When we finally returned to our flat, I tried to restrain myself, knowing most of what I felt was fear and nothing more. To no avail.

“You don’t know how mustard gas can stay hidden,” I told Surrender-not. “In ditches, in puddles. Maybe in clothes. Please take those off and get into the bath.”

In the end, he complied, though whether because I had truly alarmed him, or to soothe my increasing hysteria, I didn’t know.

“You too,” Surrender-not said. “If I am at risk, then you are, too.”

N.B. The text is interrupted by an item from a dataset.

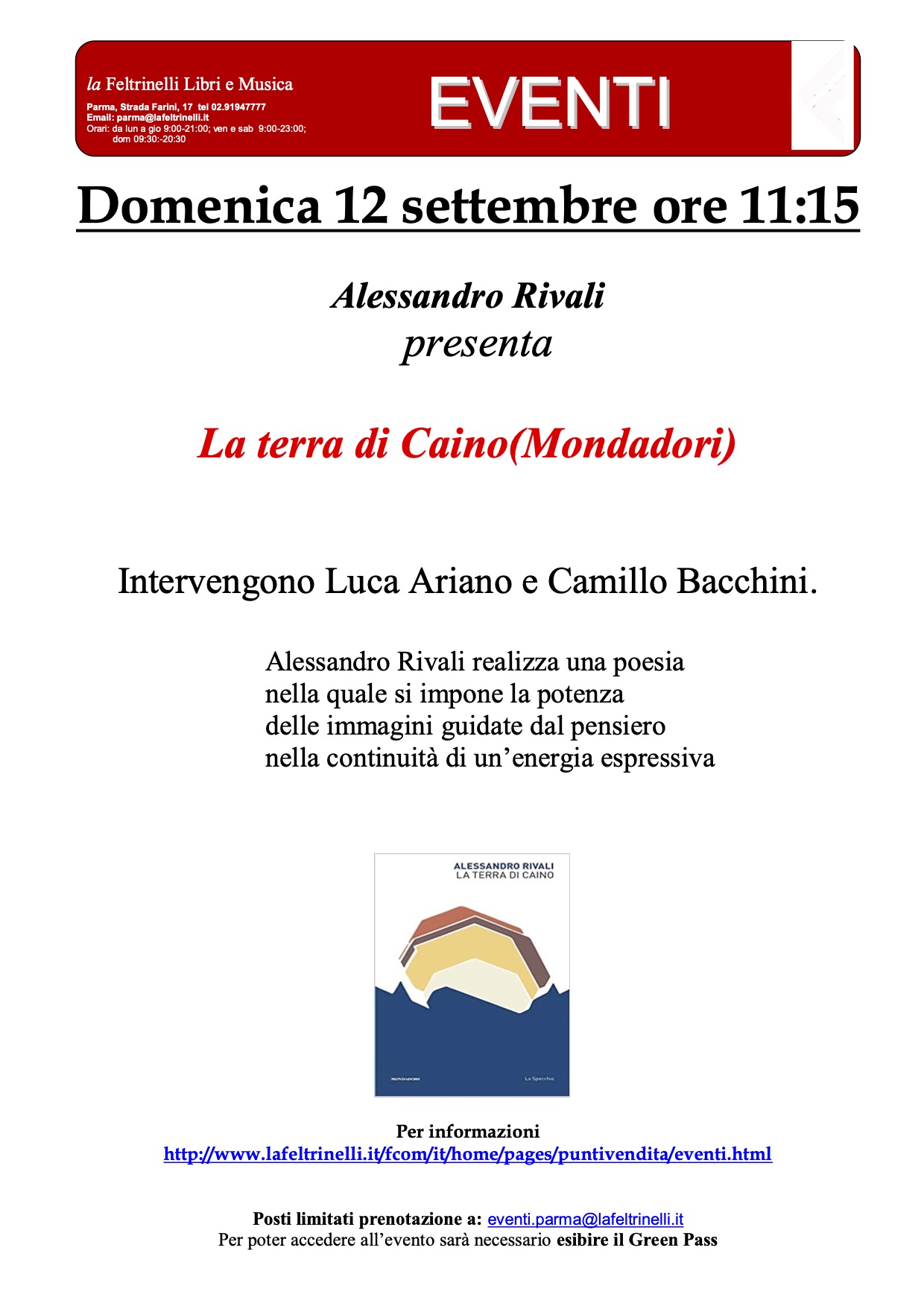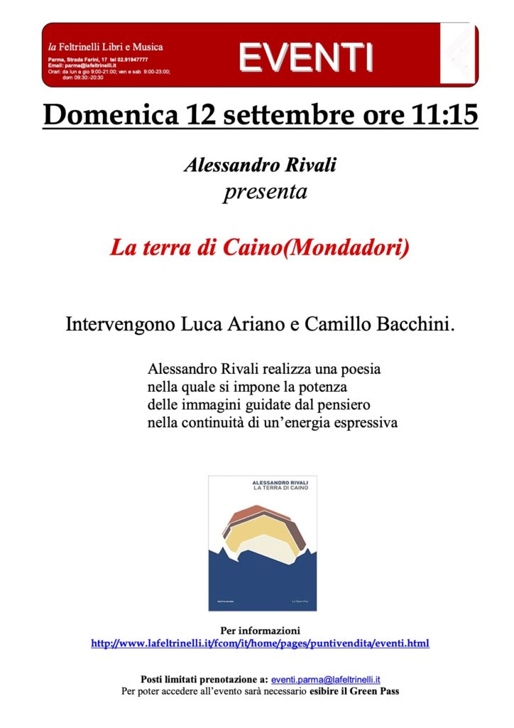 Alessandro Rivali presenta “la terra di Caino” di UG 8 Settembre 2021 8 Settembre 2021 149 Il 12 Settembre alle ore 11.15 presso la Libreria Feltrinelli di Parma si terrà l’evento con Alessandro Rivali e il suo libro La terra di Caino (Mondadori). Prenotazione obbligatoria e Green Pass.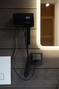 Ванная комната с душем и всем необходимым (фен, тапочки, полотенца, шампунь, гель для душа,ватные диски и палочки)

We stared at each other for a moment, and then I began to peel off my clothes, until I stood naked and shivering in the middle of the sitting room. I must look a wreck, I thought incongruously: addict-thin and puckered with scars from the war and after. Surrender-not had disrobed, too, and for a moment I envied the youth and health of his body. Under the uniform and the spectacles, he was beautiful.

“Come now,” he said, a hand on my shoulder to guide me to the bath. There was no mistaking the kindness in his voice now. And perhaps something else, too. “I will scrub your back, and you shall scrub mine. Tomorrow is Boxing Day. A new day. A holiday.”